◆ Task objective: Could you return all of the entries below exactly, minus the pictures?

◆ Source data:
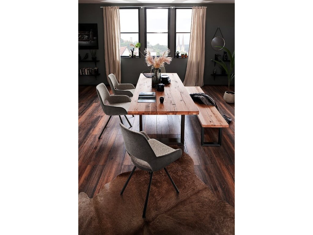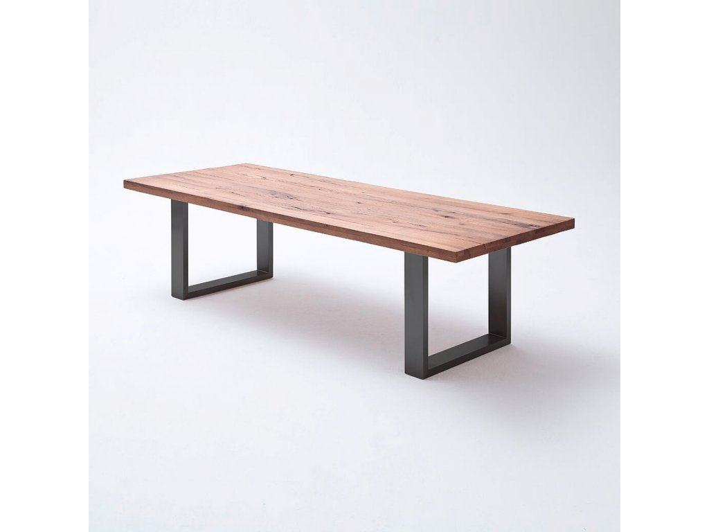 Na jídelním stole Castello vás neupoutá jen jeho surový masivní vzhled. I tento stůl patří jako například stůl Matras mezi jedinečné unikáty. Čtyři druhy stromů, čtyři různá provedení. Každý ze stromů, které byly použity při výrobě roste v jiných klimatických podmínkách, což se odráží na jedinečné barevnosti, vzoru, zakřivení a trhlinách. Jednoduše ORIGINÁL. Masivní dubové desce stolu o tloušťce 6 cm poskytuje pevnou podporu dvojice podnoží ve tvaru písmene U z nerezové oceli.
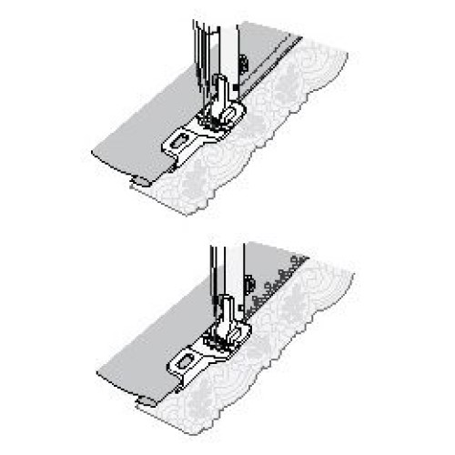 U kunt de naai- en vouwvoet gebruiken voor verschillende soorten randen, zoals kant en geborduurde randen of om in combinatie met verschillende stoffen en de prachtige HUSQVARNA® VIKING® 7 mm steken prachtige randen te maken. Zo maakt u in een handomdraai lingerie, prachtige zakdoeken met kanten randjes of elegante tafelkleden. Deze naaivoet geleidt de rand en de basisstof soepel door de openingen in de voorkant van de voet, vouwt de basisstof en naait de rand tegelijkertijd vast.
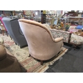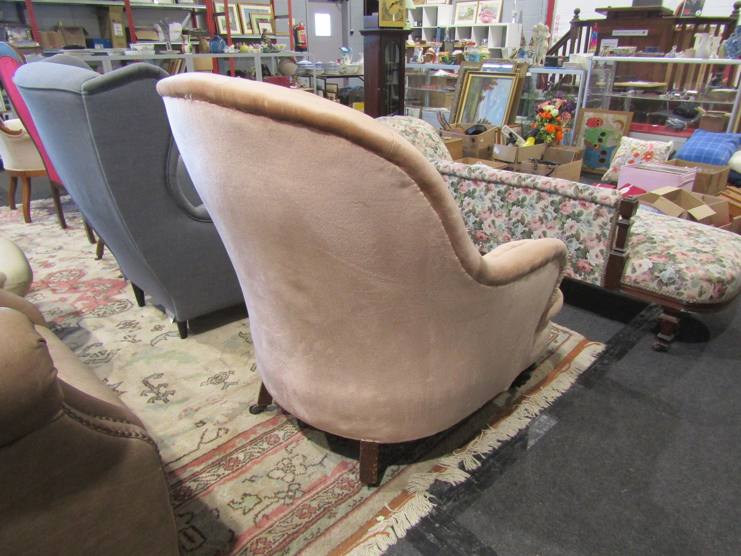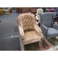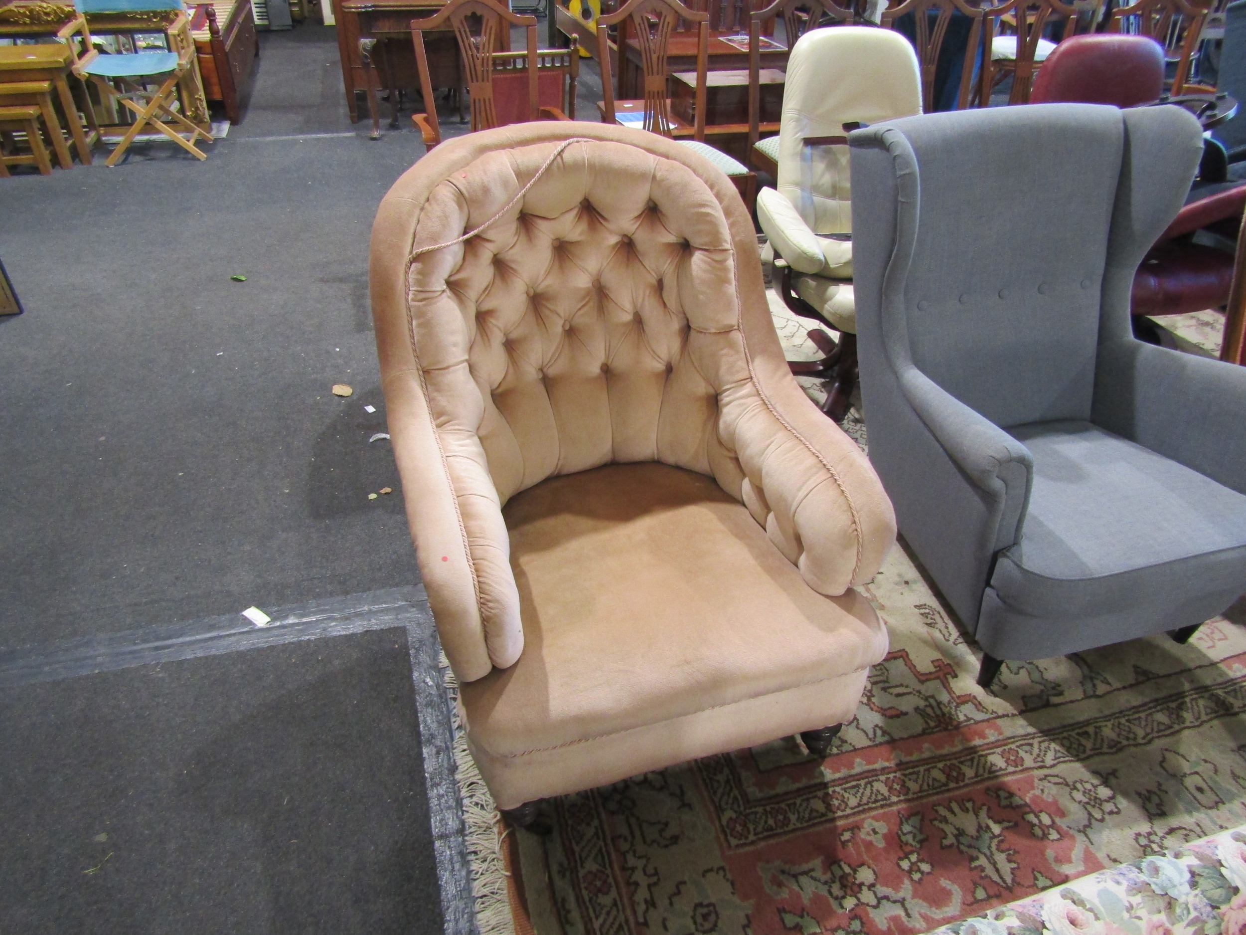 WITHDRAWN - A Victorian button-back armchair, pale peach velour upholstery, turned supports to castors
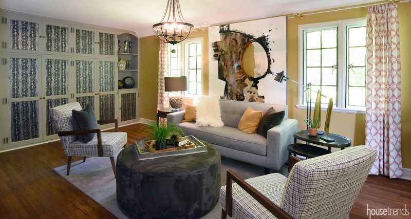 Interior designers Julie Cochran, Abby Connell, Decorating Den Interiors; Upholstery A to Z Upholstery; Paint Sherwin-Williams Intellectual Gray, Canvas Tan and Mannered Gold
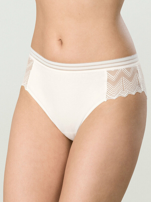 Женские трусы-слипы с высокой посадкой для влюбленных в красивый и активный образ жизни. Ткань с высоким содержанием хлопка и небольшим содержанием эластана. По линии талии мягкий принтованный эластик - не передавливает тело, не натирает кожу. Обработка по ноге эластиком для сохранения формы. Нежное геометричное кружево отражает тренд на умный дизайн.
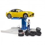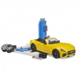 Ovaj promišljen set donosi djeci autentično iskustvo autoservisa. Mehaničar podiže roadster na visinski podesivu platformu, testira kočnice na priključenom uređaju, a rezultat se prikazuje na preglednom monitoru. Zahvaljujući novoj konstrukciji zamjene kotača, preobuvanje je pitanje trena – uključujući komplet rezervnih guma.
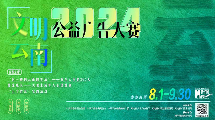 为进一步加强云南省公益广告宣传工作,培育文明风尚,倡导时代新风,推动全社会广泛践行社会主义核心价值观,中共云南省委宣传部等6部门联合主办2024年“文明云南”公益广告大赛,即日起面向全国征集公益广告作品。
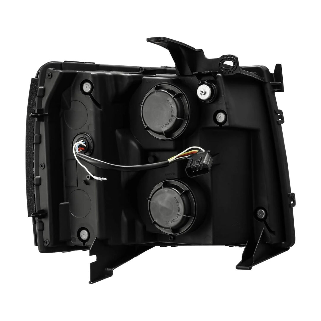 On the side of these 2nd gen Chevrolet Silverado PRO-Series headlights, amber reflector lenses are included to meet DOT regulations. The top projector is dedicated to low beam illumination, while the bottom projector handles high beam functionality. These 2nd gen Chevrolet Silverado PRO-Series headlights utilize H7 halogen bulbs for both low beam and high beam applications, ensuring reliable performance in various driving conditions. Elevate your 2nd gen Silverado with these 2nd gen Chevrolet Silverado PRO-Series headlights, combining functionality and style for an enhanced driving experience.
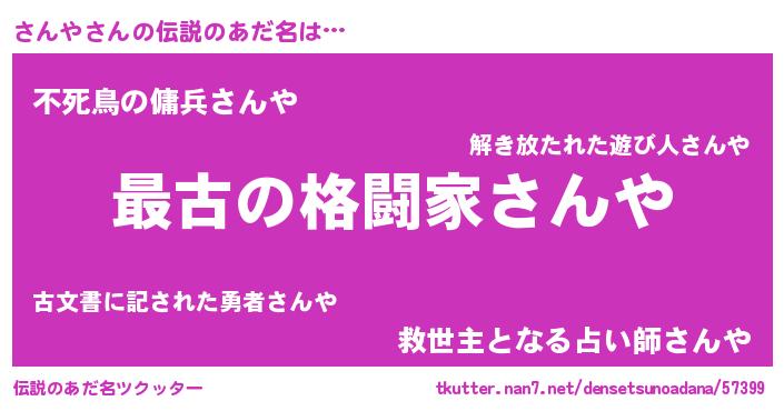 | 意味不明あだ名 | 『自称さんや』『さんやフォーエバー』 |
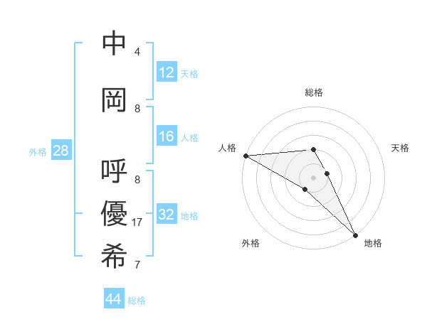 中岡 呼優希さんの総格は44画の2点!

◆ Answer to the problem:
 Na jídelním stole Castello vás neupoutá jen jeho surový masivní vzhled. I tento stůl patří jako například stůl Matras mezi jedinečné unikáty. Čtyři druhy stromů, čtyři různá provedení. Každý ze stromů, které byly použity při výrobě roste v jiných klimatických podmínkách, což se odráží na jedinečné barevnosti, vzoru, zakřivení a trhlinách. Jednoduše ORIGINÁL. Masivní dubové desce stolu o tloušťce 6 cm poskytuje pevnou podporu dvojice podnoží ve tvaru písmene U z nerezové oceli.
 U kunt de naai- en vouwvoet gebruiken voor verschillende soorten randen, zoals kant en geborduurde randen of om in combinatie met verschillende stoffen en de prachtige HUSQVARNA® VIKING® 7 mm steken prachtige randen te maken. Zo maakt u in een handomdraai lingerie, prachtige zakdoeken met kanten randjes of elegante tafelkleden. Deze naaivoet geleidt de rand en de basisstof soepel door de openingen in de voorkant van de voet, vouwt de basisstof en naait de rand tegelijkertijd vast.
 WITHDRAWN - A Victorian button-back armchair, pale peach velour upholstery, turned supports to castors
 Interior designers Julie Cochran, Abby Connell, Decorating Den Interiors; Upholstery A to Z Upholstery; Paint Sherwin-Williams Intellectual Gray, Canvas Tan and Mannered Gold
 Женские трусы-слипы с высокой посадкой для влюбленных в красивый и активный образ жизни. Ткань с высоким содержанием хлопка и небольшим содержанием эластана. По линии талии мягкий принтованный эластик - не передавливает тело, не натирает кожу. Обработка по ноге эластиком для сохранения формы. Нежное геометричное кружево отражает тренд на умный дизайн.
 Ovaj promišljen set donosi djeci autentično iskustvo autoservisa. Mehaničar podiže roadster na visinski podesivu platformu, testira kočnice na priključenom uređaju, a rezultat se prikazuje na preglednom monitoru. Zahvaljujući novoj konstrukciji zamjene kotača, preobuvanje je pitanje trena – uključujući komplet rezervnih guma.
 为进一步加强云南省公益广告宣传工作,培育文明风尚,倡导时代新风,推动全社会广泛践行社会主义核心价值观,中共云南省委宣传部等6部门联合主办2024年“文明云南”公益广告大赛,即日起面向全国征集公益广告作品。
 On the side of these 2nd gen Chevrolet Silverado PRO-Series headlights, amber reflector lenses are included to meet DOT regulations. The top projector is dedicated to low beam illumination, while the bottom projector handles high beam functionality. These 2nd gen Chevrolet Silverado PRO-Series headlights utilize H7 halogen bulbs for both low beam and high beam applications, ensuring reliable performance in various driving conditions. Elevate your 2nd gen Silverado with these 2nd gen Chevrolet Silverado PRO-Series headlights, combining functionality and style for an enhanced driving experience.
 | 意味不明あだ名 | 『自称さんや』『さんやフォーエバー』 |
 中岡 呼優希さんの総格は44画の2点!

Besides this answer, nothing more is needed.